Exercise prompt ▸ Drop the pictures, then extract the listing word for word.

=== Given material ===

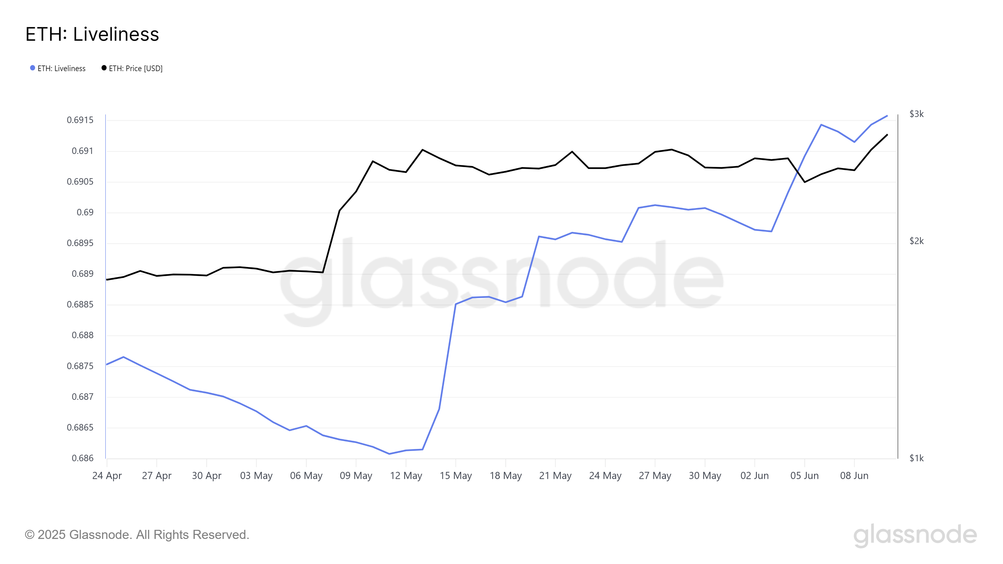 Patuloy na tumataas ang Liveliness metric ngayong linggo, na nagpapakita na mas maraming long-term holders (LTHs) ang nagli-liquidate ng kanilang holdings. Ang Liveliness ay sumusukat kung gaano kadalas naiaalis ang mga coins mula sa wallets, at ang pagtaas ng metric na ito ay nagpapahiwatig ng selling pressure.
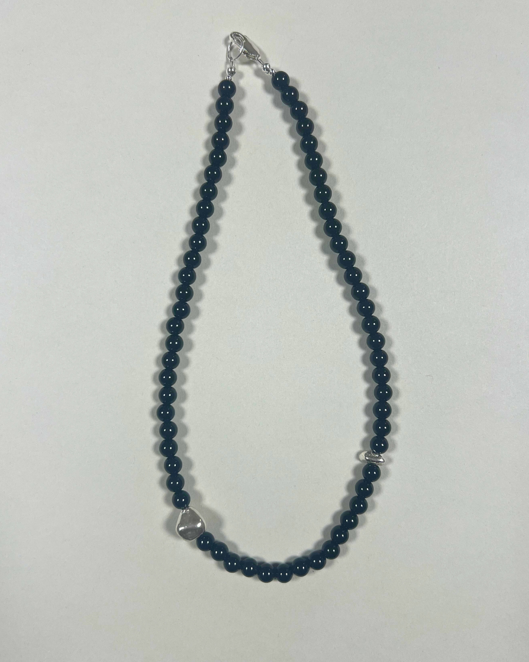 A one-of-a-kind necklace featuring 6mm onyx beads with two sterling silver irregular nugget accents. All findings and clasp are sterling silver.
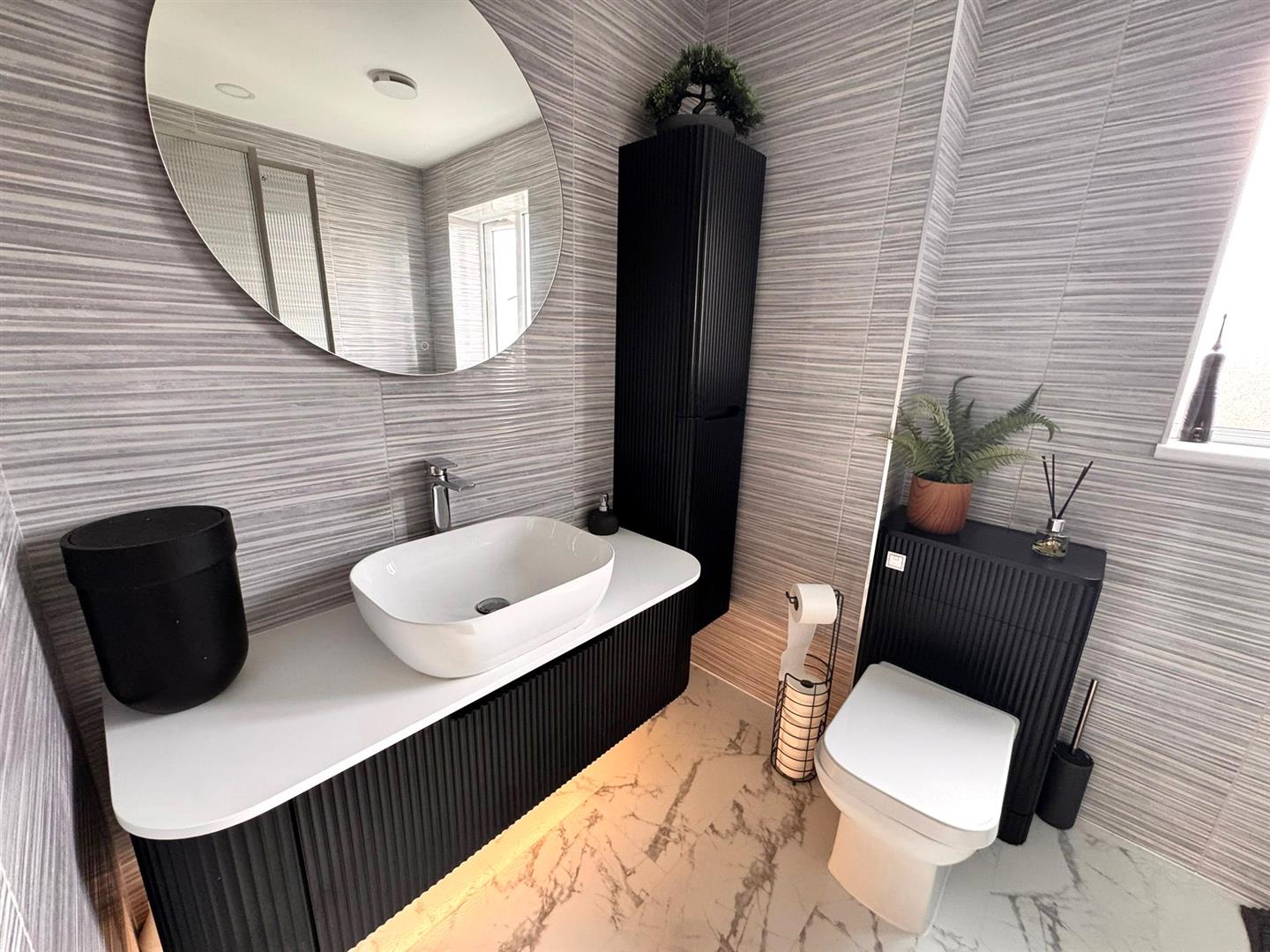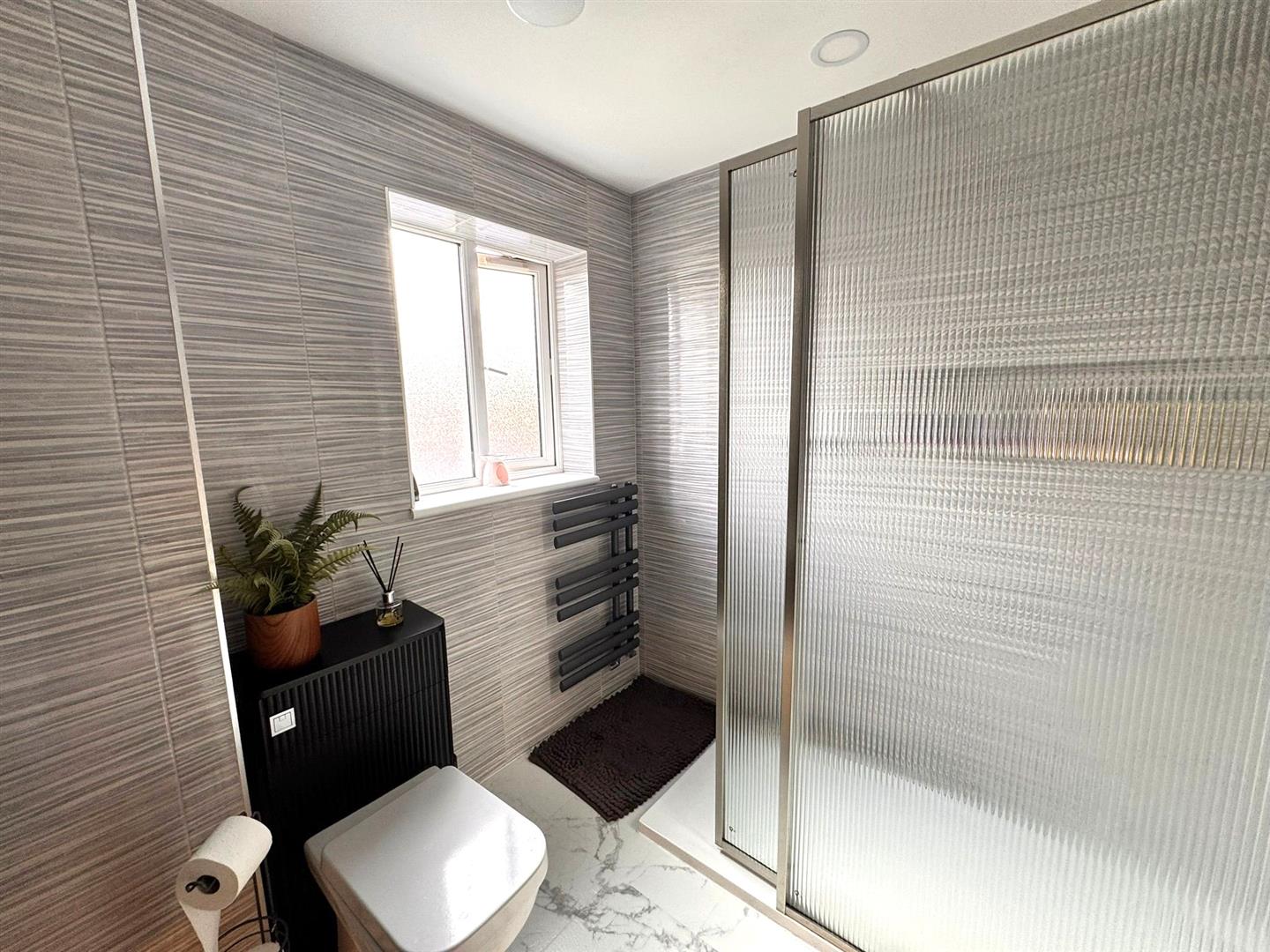 The low-maintenance garden features decking, covered seating, artificial lawn, and direct access to the converted garage, ideal as a games room, studio, or office.

===

Solution below ▸
 Patuloy na tumataas ang Liveliness metric ngayong linggo, na nagpapakita na mas maraming long-term holders (LTHs) ang nagli-liquidate ng kanilang holdings. Ang Liveliness ay sumusukat kung gaano kadalas naiaalis ang mga coins mula sa wallets, at ang pagtaas ng metric na ito ay nagpapahiwatig ng selling pressure.
 A one-of-a-kind necklace featuring 6mm onyx beads with two sterling silver irregular nugget accents. All findings and clasp are sterling silver.
 The low-maintenance garden features decking, covered seating, artificial lawn, and direct access to the converted garage, ideal as a games room, studio, or office.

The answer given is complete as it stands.